И, почесывая каторжные затылки свои, они говорили со вздохом:
— Это вам не Россия!..
Для покорения горцев создавались отряды особого назначения из оголтелых подонков, которым нечего было терять. Но эта шпана, хотя и разбавленная отчаянными гастролерами-головорезами из Совдепии, храбрая в липких подвалах Чеки и в барских особняках, не выдерживала горной партизанской войны.
Некоторые отряды, вовлеченные вглубь опытным, знающим местность противником, не возвращались, истребленные до последнего человека. Смерть таилась в каждом ущелье, за каждым выступом скалы, в каждой морщине отвесных круч.
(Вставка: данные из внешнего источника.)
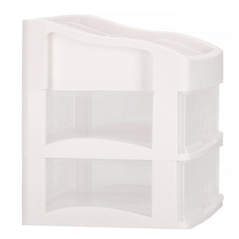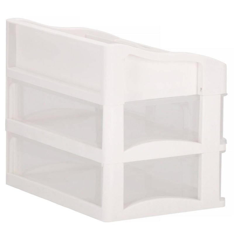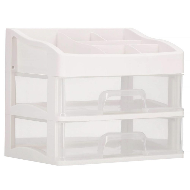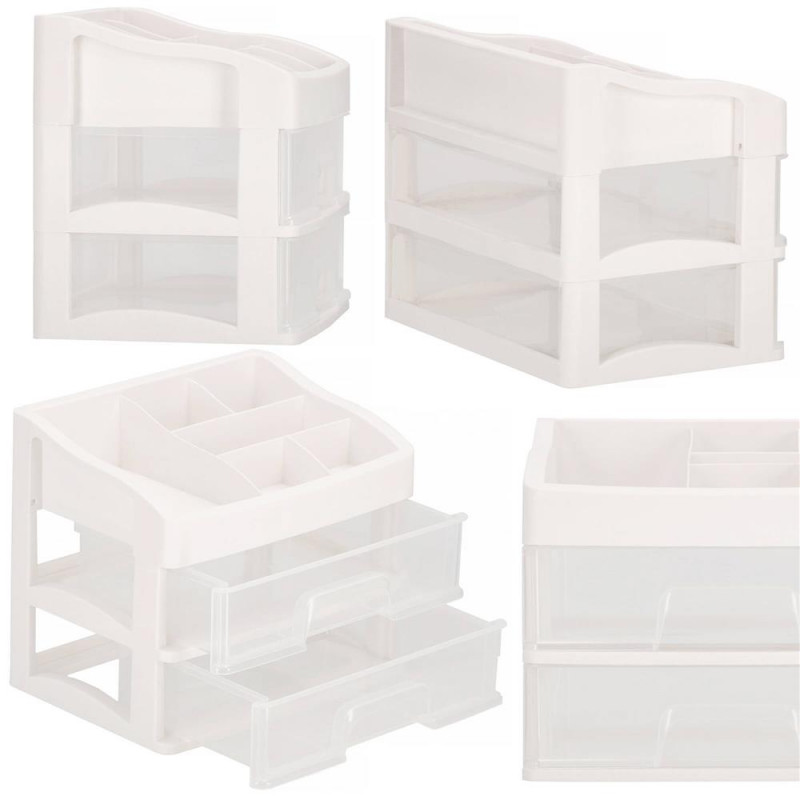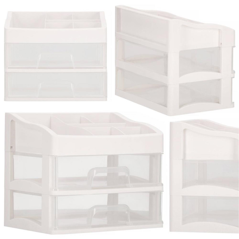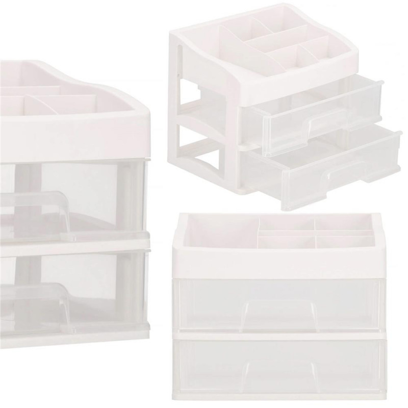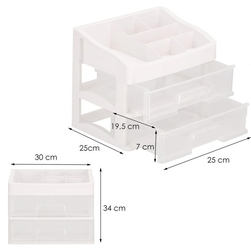 2x sertare transparente cu maner de aceeasi dimensiune (adancime: 19,5 cm, latime: 25, inaltime: 7 cm) Organizatoarele fac sarcinile zilnice incredibil de usoare si pastreaza lucrurile ordonate. Puteti uita deja de cautarea zilnica a rujului, a pudrei sau a altor produse cosmetice.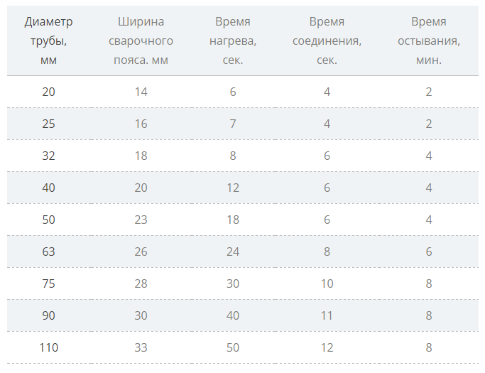 IMPORTANT! Les données de synchronisation pour différents matériaux peuvent varier en fonction de la pureté du matériau du tuyau, de la présence de renfort et d'autres aspects, jusqu'à la température ambiante. Mais ces écarts ne sont clairement visibles que sur des tuyaux de grand diamètre. Pour les petites dimensions, le temps différera de 1 à 1,5 s au maximum. Si quelque chose ne fonctionne pas pour vous ou si vous le faites pour la première fois, vous pouvez acheter certains des raccords les plus simples (raccords), couper des tuyaux (plusieurs morceaux de 7 ... 10 cm) et vérifier comment le le matériau réagit au chauffage et à la connexion.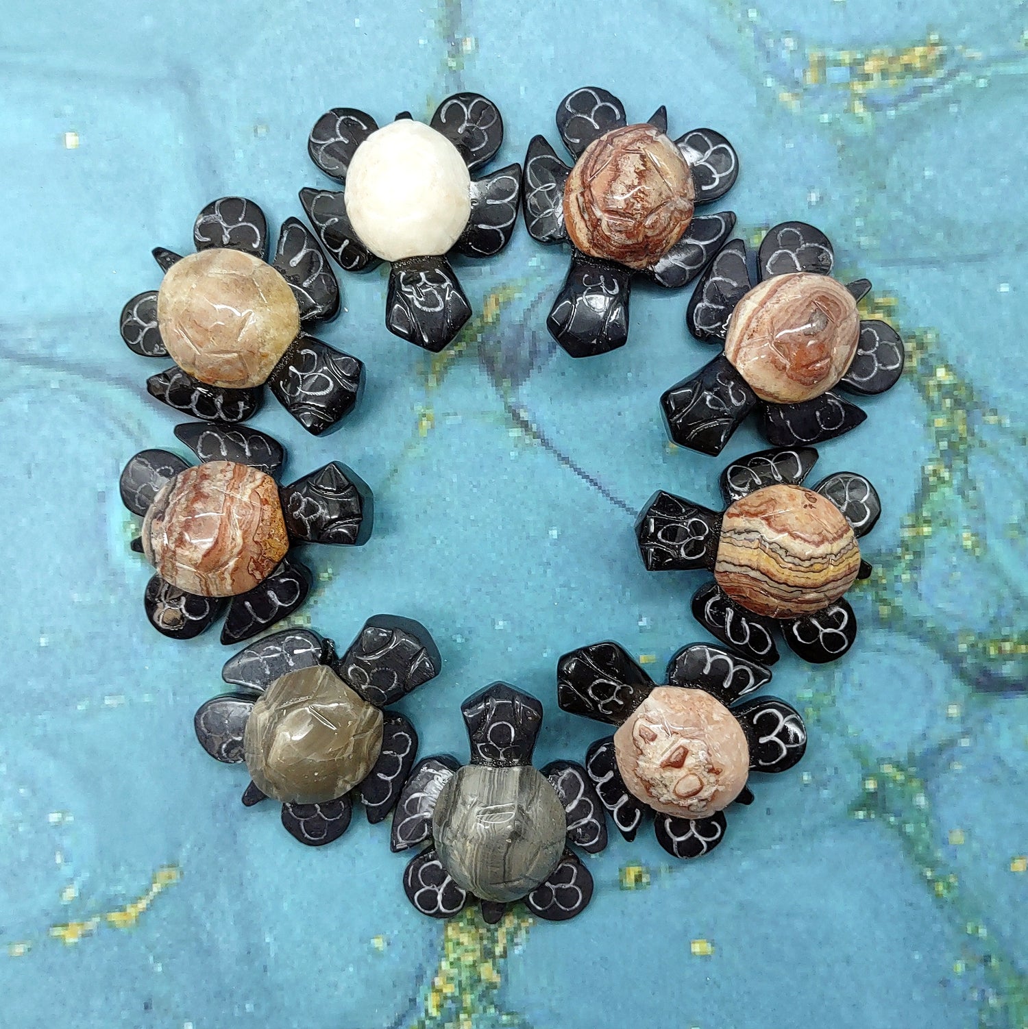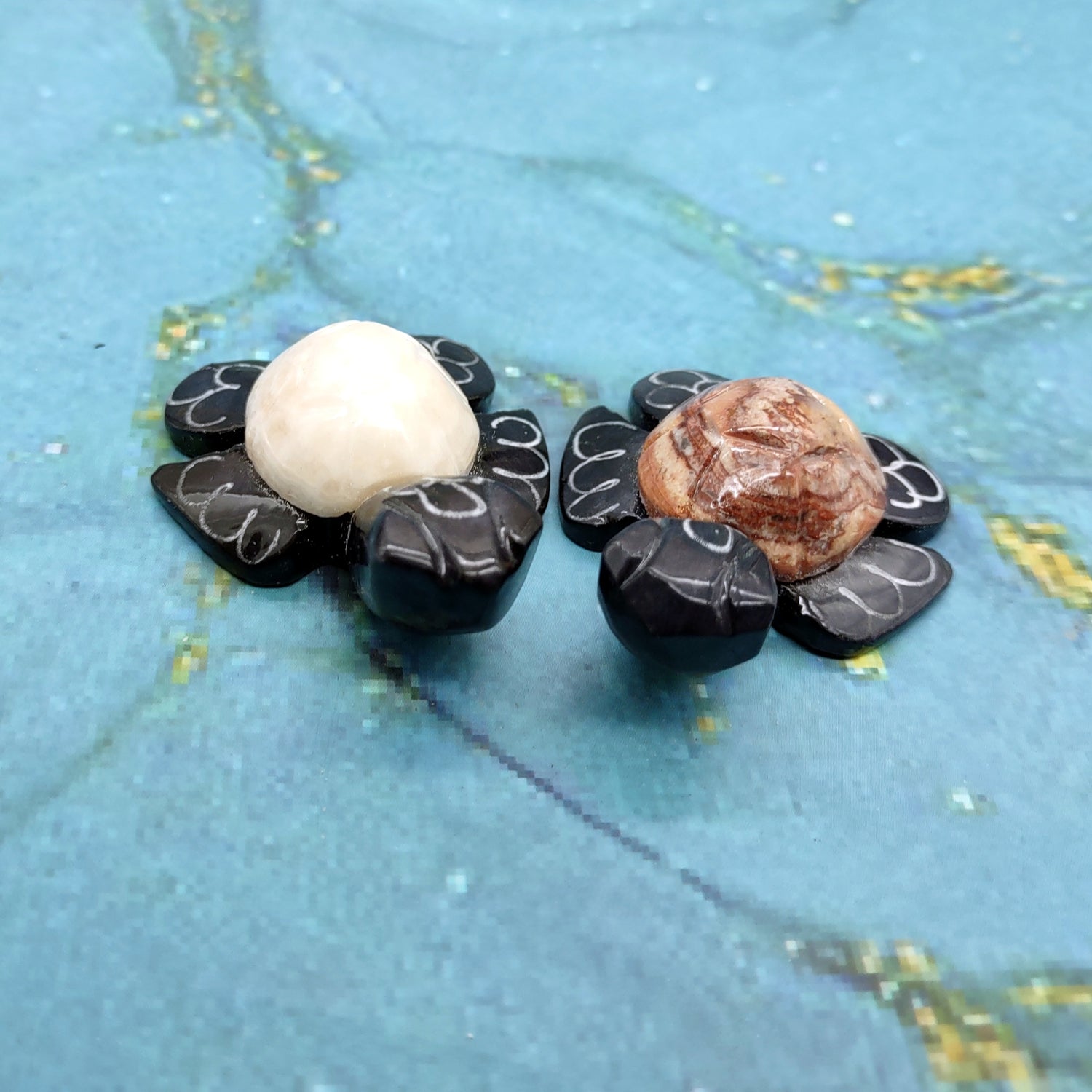 Natural Marble Stone Black Sea Turtles (set of 2 stone figure approx. 2+ inches) Carved Marble Turtle Figurines for coastal home shelf decor!

Невидимый враг поражал отряды особого назначения то залпами карабинов, то свинцовым пулеметным огнем, то, наконец, глыбами камней. И когда испуганное человеческое месиво панически жалось друг к другу, не видя спасения, лавиной обрушивались с потрясающими криками десятки и сотни горцев, и начиналась бойня. Рядовую мелочь вырезывали дочиста, а политических комиссаров — предводителей и красных курсантов — на арканах уводили за собой в горы. Там их жгли на кострах и, поистерзав вволю, закапывали живыми.
Эти неудачи приводили в ярость московских большевиков, и они требовали от своего наймита Штамбарова самых решительных действий и карательных экспедиций в широких масштабах, с целой армией, с легкой артиллерией на мулах, с воздушным флотом и смертоносными газами в аэропланных бомбах.
23. «ДИТЯ РЕВОЛЮЦИИ»
С каким-то волнующим трепетом шла на первый сеанс Маргарета. Первый после того, как неосторожный Тунда назвал ее «вашим величеством» в присутствии Сережи Новицкого.
Это не было нетерпение влюбленной женщины или страх неизвестности, как ее встретит любовник! Это не было знакомое Маргарете чувство венценосного дипломата перед важной дипломатической беседой. Это не было ни то, ни другое, ни третье, а что-то совсем-совсем новое.
И когда она поднималась по деревянной винтовой лестнице, был момент, — у нее подкосились ноги, потемнело в глазах, и какая-то тягучая, приторная, как запах, слабость овладела всем ее существом.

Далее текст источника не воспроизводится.